Example 1: Decimal number 1234
| Thousands (1x10^3) | Hundreds (1x10^2) | Tens (1x10^1) | Ones (1x10^0) |
|---|---|---|---|
| 1 | 2 | 3 | 4 |
Binary operates a little bit differently, instead of having 1’s, 10’s, 100’s, etc, it has 1’s, 2’s, 4’s, 8’s, etc (That is to say, decimal math operates on a base of 10, while binary math operates on a base of 2). So analysing this for a moment, the binary number 1010, has a ‘1’ in the “eights” placeholder and a ‘1’ in the “twos” placeholder. Add these together and 10 is obtained in decimal numbers.

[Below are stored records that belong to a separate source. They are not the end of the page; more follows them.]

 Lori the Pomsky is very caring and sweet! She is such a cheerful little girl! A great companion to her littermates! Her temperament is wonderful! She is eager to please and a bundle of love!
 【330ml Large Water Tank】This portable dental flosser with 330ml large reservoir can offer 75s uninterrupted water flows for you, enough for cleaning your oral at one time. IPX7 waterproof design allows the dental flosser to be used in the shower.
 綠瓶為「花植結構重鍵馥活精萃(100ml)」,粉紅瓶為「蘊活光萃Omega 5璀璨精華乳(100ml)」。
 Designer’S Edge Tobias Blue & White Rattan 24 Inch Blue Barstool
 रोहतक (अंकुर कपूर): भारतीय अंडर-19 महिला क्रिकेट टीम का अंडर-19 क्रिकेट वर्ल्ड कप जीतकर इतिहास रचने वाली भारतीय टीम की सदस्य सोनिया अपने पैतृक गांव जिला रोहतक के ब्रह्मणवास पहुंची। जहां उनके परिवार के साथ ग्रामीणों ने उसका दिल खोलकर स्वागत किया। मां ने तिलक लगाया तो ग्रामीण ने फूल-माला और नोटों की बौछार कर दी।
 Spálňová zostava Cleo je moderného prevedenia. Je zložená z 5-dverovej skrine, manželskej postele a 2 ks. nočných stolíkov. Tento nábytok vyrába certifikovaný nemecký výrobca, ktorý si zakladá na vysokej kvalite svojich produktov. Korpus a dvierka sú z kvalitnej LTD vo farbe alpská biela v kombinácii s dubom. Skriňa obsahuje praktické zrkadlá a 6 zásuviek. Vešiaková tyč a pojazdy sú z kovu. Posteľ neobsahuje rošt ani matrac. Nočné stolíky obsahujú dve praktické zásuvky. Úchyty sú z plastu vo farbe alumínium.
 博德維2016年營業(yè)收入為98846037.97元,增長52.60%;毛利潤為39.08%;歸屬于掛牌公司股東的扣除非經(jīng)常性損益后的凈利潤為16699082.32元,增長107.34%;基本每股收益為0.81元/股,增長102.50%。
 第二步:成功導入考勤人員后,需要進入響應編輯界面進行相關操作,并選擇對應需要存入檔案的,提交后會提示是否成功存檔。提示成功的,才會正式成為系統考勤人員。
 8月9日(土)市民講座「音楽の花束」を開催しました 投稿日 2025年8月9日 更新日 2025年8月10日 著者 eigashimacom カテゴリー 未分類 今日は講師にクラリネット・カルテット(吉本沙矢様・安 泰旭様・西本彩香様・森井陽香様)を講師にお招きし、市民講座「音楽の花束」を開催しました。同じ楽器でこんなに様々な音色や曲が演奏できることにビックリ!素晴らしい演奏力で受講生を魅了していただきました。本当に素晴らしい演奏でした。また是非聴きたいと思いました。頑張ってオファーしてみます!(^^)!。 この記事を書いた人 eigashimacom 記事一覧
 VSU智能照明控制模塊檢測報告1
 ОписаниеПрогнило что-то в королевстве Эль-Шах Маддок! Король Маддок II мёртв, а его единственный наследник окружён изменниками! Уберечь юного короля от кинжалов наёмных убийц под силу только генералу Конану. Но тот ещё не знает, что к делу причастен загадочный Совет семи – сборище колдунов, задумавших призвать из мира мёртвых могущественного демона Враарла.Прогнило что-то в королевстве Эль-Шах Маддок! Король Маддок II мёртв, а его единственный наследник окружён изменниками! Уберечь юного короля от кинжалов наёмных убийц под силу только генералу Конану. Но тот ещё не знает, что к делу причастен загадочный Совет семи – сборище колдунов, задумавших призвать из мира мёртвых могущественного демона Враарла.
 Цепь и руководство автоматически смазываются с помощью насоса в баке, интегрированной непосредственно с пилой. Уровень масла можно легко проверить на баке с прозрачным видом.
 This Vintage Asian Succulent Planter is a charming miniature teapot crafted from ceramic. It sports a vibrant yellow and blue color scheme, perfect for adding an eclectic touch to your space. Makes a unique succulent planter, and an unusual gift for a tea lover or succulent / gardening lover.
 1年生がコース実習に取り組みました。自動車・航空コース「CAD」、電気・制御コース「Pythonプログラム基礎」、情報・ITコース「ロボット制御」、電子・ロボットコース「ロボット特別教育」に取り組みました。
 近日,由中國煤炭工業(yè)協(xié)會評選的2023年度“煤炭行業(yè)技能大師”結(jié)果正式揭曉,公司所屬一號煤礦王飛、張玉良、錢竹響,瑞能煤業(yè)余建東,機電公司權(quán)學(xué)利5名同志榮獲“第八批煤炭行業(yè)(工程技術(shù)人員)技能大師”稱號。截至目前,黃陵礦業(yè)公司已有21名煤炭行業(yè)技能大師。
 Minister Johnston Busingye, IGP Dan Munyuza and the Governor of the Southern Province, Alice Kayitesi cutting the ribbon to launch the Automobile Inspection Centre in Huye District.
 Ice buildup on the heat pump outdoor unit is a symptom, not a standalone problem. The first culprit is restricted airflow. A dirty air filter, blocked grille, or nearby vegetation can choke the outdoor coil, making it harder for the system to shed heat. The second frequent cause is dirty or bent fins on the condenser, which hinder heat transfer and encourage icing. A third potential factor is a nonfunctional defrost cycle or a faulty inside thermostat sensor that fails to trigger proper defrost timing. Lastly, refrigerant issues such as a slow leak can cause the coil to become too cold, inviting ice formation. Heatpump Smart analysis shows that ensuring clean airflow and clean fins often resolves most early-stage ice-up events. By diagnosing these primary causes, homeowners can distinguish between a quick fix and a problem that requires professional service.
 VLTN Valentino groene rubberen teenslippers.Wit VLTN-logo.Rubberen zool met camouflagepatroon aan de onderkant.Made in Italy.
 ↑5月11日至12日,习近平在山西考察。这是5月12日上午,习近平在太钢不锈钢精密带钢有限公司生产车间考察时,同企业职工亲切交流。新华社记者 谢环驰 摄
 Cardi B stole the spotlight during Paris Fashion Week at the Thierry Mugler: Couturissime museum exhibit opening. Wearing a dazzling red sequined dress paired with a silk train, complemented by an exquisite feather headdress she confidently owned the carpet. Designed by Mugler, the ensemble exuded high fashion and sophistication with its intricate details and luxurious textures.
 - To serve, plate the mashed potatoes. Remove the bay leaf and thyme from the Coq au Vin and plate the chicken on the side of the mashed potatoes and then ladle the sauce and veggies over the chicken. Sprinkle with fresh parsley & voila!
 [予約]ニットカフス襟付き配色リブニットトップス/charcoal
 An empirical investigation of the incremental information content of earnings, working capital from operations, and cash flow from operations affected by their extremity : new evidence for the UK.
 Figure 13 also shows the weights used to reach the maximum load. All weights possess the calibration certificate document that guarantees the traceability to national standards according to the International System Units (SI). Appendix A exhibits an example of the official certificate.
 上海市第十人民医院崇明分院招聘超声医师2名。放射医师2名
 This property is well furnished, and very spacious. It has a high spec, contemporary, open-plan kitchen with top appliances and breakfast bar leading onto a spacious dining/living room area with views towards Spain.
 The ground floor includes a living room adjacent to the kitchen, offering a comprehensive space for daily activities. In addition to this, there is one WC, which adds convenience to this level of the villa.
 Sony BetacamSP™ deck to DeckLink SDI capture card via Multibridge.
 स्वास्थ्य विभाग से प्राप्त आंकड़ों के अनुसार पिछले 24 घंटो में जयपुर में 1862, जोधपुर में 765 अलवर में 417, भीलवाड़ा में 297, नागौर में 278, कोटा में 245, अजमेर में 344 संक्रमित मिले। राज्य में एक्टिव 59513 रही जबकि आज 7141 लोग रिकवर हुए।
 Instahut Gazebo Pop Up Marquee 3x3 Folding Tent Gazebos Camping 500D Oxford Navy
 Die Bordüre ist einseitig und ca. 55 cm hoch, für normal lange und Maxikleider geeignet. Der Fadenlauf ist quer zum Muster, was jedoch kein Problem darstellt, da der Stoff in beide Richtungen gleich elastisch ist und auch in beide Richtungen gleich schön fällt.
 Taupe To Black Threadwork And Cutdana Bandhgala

| Eights (1x2^3) | Fours (1x2^2) | Twos (1x2^1) | Ones (1x2^0) |
|---|---|---|---|
| 1 | 0 | 1 | 0 |
Another example is 1111:
| Eights (1x2^3) | Fours (1x2^2) | Twos (1x2^1) | Ones (1x2^0) |
|---|---|---|---|
| 1 | 1 | 1 | 1 |
| Eights (1x2^3) | Fours (1x2^2) | Twos (1x2^1) | Ones (1x2^0) | |
|---|---|---|---|---|
| Binary Values | 1 | 1 | 1 | 1 |
| Decimal Values | 8 | 4 | 2 | 1 |
Through the use of the binary table, the binary values can each be multiplied (1’s) by the above multipliers (1x2^3 1x2^2 1x2^1 1x2^0) or “8, 4, 2, 1”. This will then give us, 8+4+2+1=15.
Basic Addition
Much like the decimal system, binary numbers can be added together. For this example the binary numbers 0110 and 0010 are going to be used and added.
| Eights | Fours | Twos | Ones | Total | |
|---|---|---|---|---|---|
| Binary | 0 | 1 | 1 | 0 | 6 |
| Decimal | 0 | 4 | 2 | 0 | 6 |
| Eights | Fours | Twos | Ones | Total | |
|---|---|---|---|---|---|
| Binary | 0 | 0 | 1 | 0 | 2 |
| Decimal | 0 | 0 | 2 | 0 | 2 |
Thus by using decimal addition, 4+2+2=8, the value of the addition of two binary numbers can be determined as 8.